Last year the non-performing loan (NLPs) ratio tripled to 6.2%, which is uncomfortable but not dangerously high, after which the ratio began to fall again as the economic growth gathered some momentum in the third quarter of this year. The NPL ratio was down to 5.8% as of October and is expected to continue to shrink up until the end of the year as the banking sector clean-up and privatisation continues.
“The decline in problem loans is primarily driven by state-owned banks,” Bluestone investment bank said in a note, whose NPL ratio fell from 6.4% in August to 5.9% in October. Major state-owned banks such as National Bank of Uzbekistan, [saving bank] Xalq Bank and Qishloq Quriish Bank improved their asset qualities. Privately owned banks saw their NPL ratios rise slightly in October, with Turkiston Bank (69.2%) and Ravnak Bank (31.9%) registering the highest levels amongst the large private banks.”
Nevertheless, the sharp rise in NPLs this year has focused attention on the banking sector’s health. The liquidity coverage ratio of banks also declined in the three quarters of this year, falling from 224.5% in January to 152.4% in September, with the highly liquid assets shrinking 10% in the same period.
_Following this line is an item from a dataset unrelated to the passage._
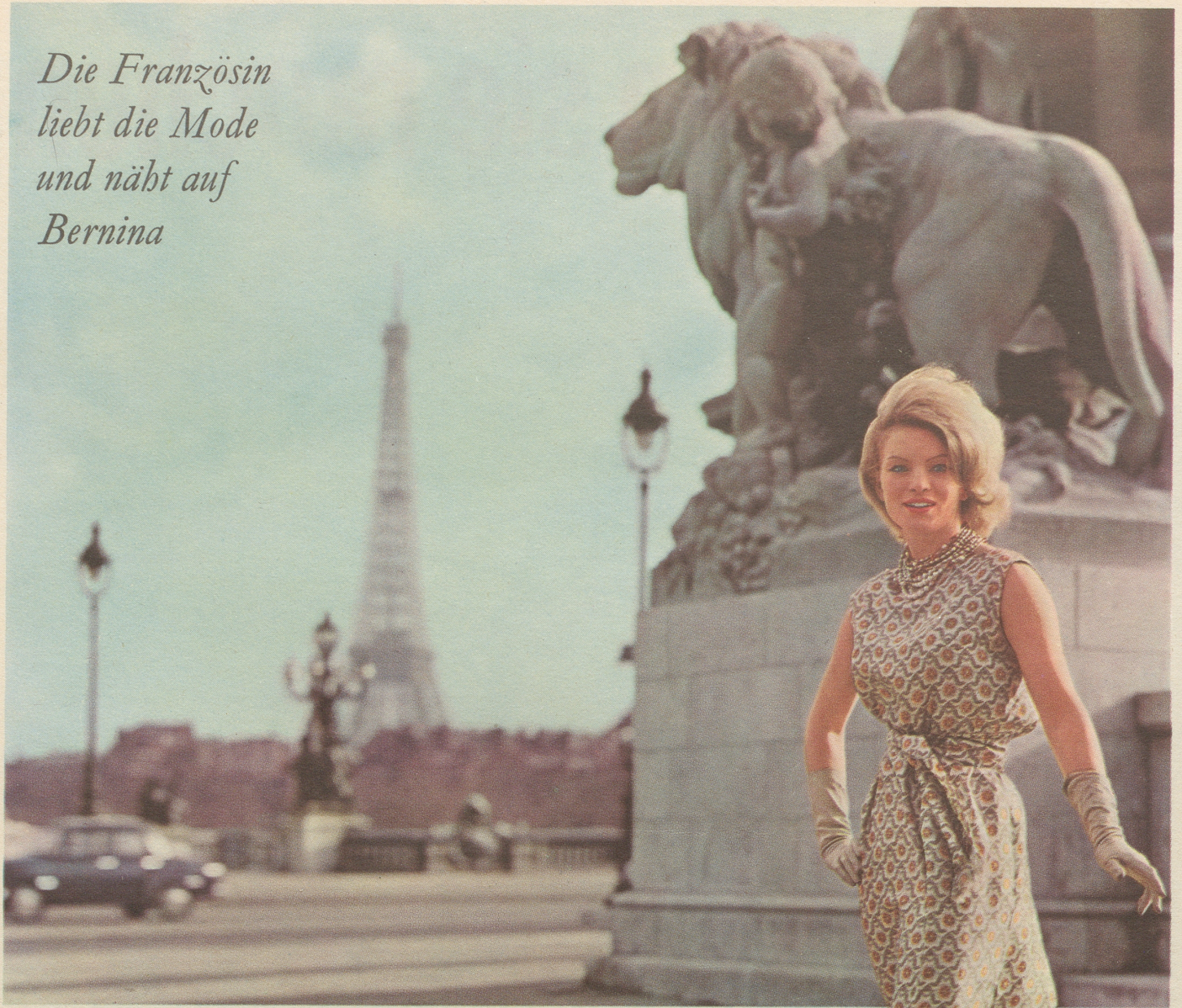
Boulevard-Café in Paris / Begehrt in ganz Frankreich als Qualitätsnämaschine ist BERNINA, die weltbekannte Schweizer Marke.

Die Französin liebt die Mode und näht auf Bernina

Pressure on the balance sheets will ease as profits grow. The banking business was picking up in October when the volumes of loans extended were up by 33% over the first nine months of 2021 and microloans in particular increased 2.3-fold. Auto-loans is another category that is growing, up 1.3-times as consumption takes off on the back of rising incomes.
Funding remains an issue, as banks had to dig into their capital to fund these loans. Banks’ tier one capital adequacy fell slightly from 15.2% in January to a still comfortable 14.8% in October and well above the 10% considered to be a safe minimum.
It's still early days in reforming Uzbekistan’s banks, but several years of work that has already been put in are starting to bear fruit. As more banks go under the gavel in the next two years these will play an increasingly important role in driving economic growth and should flourish in the process.